Judit Planas is a Postdoctoral Researcher in the Felix Schürmann Group. Judit focuses her research in strategies for memory-intensive neuroscience applications (codes that demand more memory than readily available in the classical memory hierarchy). In this context, she is developing software and techniques to accelerate applications and leverage from the latest hardware and software technologies, like using non-volatile memory (NVM) or big data solutions. Judit Planas received her Ph.D. in Computer Architecture from the Computer Architecture Department of the Technical University of Catalonia (UPC) in 2015. She worked at the Barcelona Supercomputing Center from 2008 to 2015, where she developed her MSc and PhD. in programming models for heterogeneous architectures, focused on accelerators, like GPGPUs and Intel Xeon Phi. During this period, she participated in a number of different workshops and courses involving parallel programming models and CUDA programming as a teaching assistant. In addition, as part of her PhD, she did an internship at the University of Illinois at Urbana-Champaign (Illinois, USA) under the supervision of Prof. Wen-mei W. Hwu.

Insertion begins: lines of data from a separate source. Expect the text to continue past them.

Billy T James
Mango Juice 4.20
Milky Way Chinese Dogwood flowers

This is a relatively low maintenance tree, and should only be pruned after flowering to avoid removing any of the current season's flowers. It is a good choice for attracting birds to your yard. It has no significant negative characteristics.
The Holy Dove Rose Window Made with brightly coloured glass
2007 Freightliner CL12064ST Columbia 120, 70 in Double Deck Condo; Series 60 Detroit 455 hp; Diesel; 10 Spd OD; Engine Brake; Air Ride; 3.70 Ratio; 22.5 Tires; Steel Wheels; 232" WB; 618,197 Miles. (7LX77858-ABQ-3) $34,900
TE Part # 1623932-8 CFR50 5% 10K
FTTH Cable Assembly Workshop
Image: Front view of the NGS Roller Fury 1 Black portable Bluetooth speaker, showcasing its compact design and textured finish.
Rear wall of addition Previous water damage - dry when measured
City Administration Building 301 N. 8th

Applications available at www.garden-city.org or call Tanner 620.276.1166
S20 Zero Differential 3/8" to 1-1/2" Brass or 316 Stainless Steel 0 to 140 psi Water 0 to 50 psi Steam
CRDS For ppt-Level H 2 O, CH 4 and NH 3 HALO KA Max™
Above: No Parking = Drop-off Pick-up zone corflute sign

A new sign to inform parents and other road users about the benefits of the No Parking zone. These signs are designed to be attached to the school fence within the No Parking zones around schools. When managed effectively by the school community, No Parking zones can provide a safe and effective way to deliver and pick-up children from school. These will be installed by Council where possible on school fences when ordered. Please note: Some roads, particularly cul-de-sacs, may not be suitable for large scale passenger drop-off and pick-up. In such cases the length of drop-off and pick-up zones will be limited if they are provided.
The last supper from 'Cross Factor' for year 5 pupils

The neuromapp application was one of the test codes for an SC17 Tutorial entitled: Getting Started with the Burst Buffer: Using DataWarp Technology. The presenters will be George S. Markomanolis from KAUST and Deborah Bard from LBNL.

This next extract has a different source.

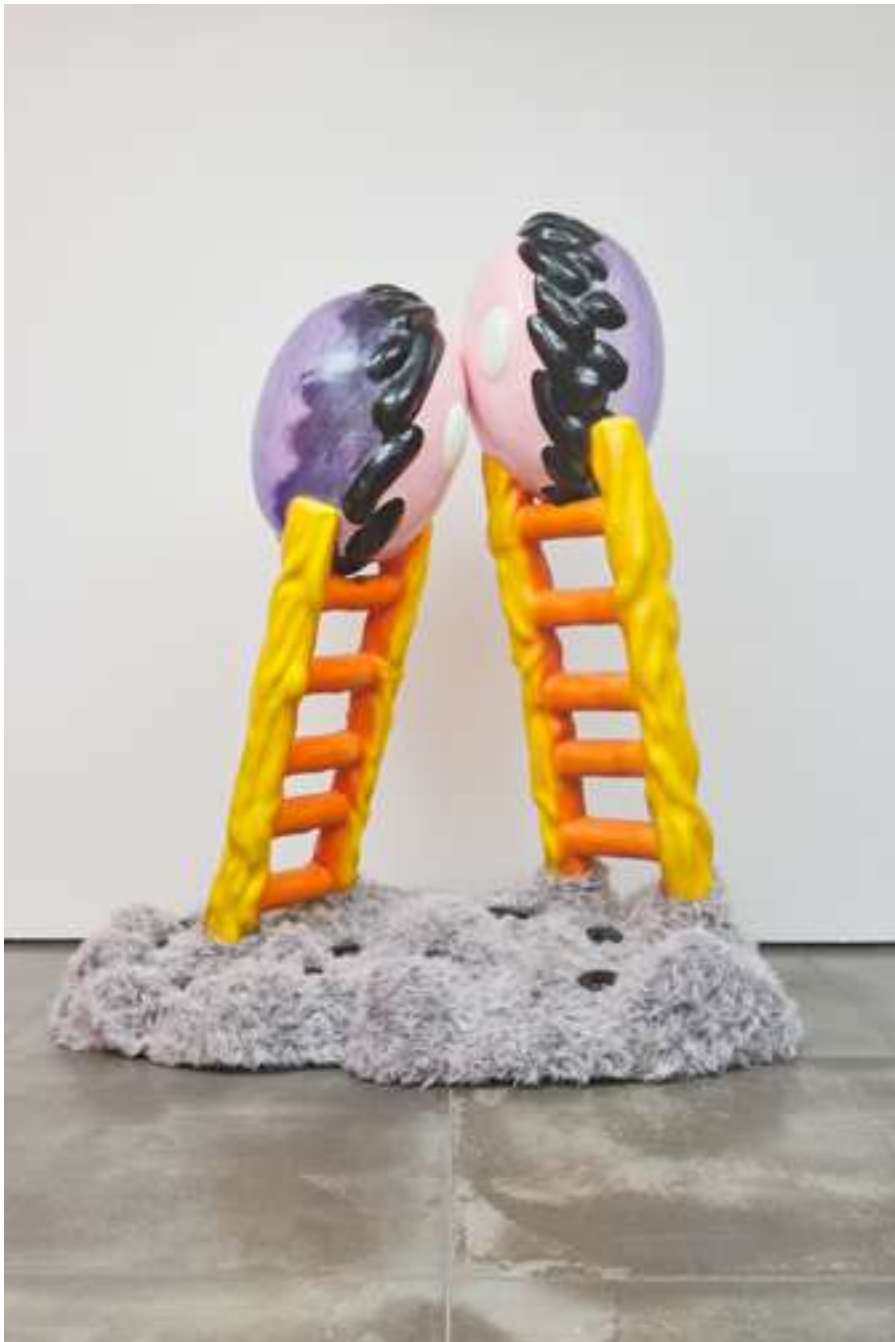
Gonads , 2022 structural styrofoam, fiberglass, 3D printing, crystal resin, pigment and automotive paint 73.6 x 70.5 x 43.3 in

→ exhibition view Depois que entra ninguém sai , 2022 Nara Roesler, Rio de Janeiro, Brazil

The long-awaited Burst Buffer technology is now being deployed on major supercomputing systems. In this tutorial, we will introduce the Burst Buffers deployed at the two latest supercomputers at NERSC (Cori) and KAUST (Shaheen II) based on the Cray DataWarp, and discuss in detail our experience with Burst Buffers from both a system and a user’s perspective. Both KAUST and NERSC have been supporting BB projects for more than a year, and have developed a wealth of experience using these resources efficiently. For this tutorial, we combine the knowledge and experience of staff from both sites to provide attendees with an effective understanding of how to optimally use BB technology. We focus on optimizing massively parallel I/O for SSDs, a relatively new problem compared to well-established optimizations for parallel I/O to disk-based file systems. The tutorial will conclude with a live demonstration of a complex workflow executed on the Cray DataWarp, including simulation, analysis and visualization.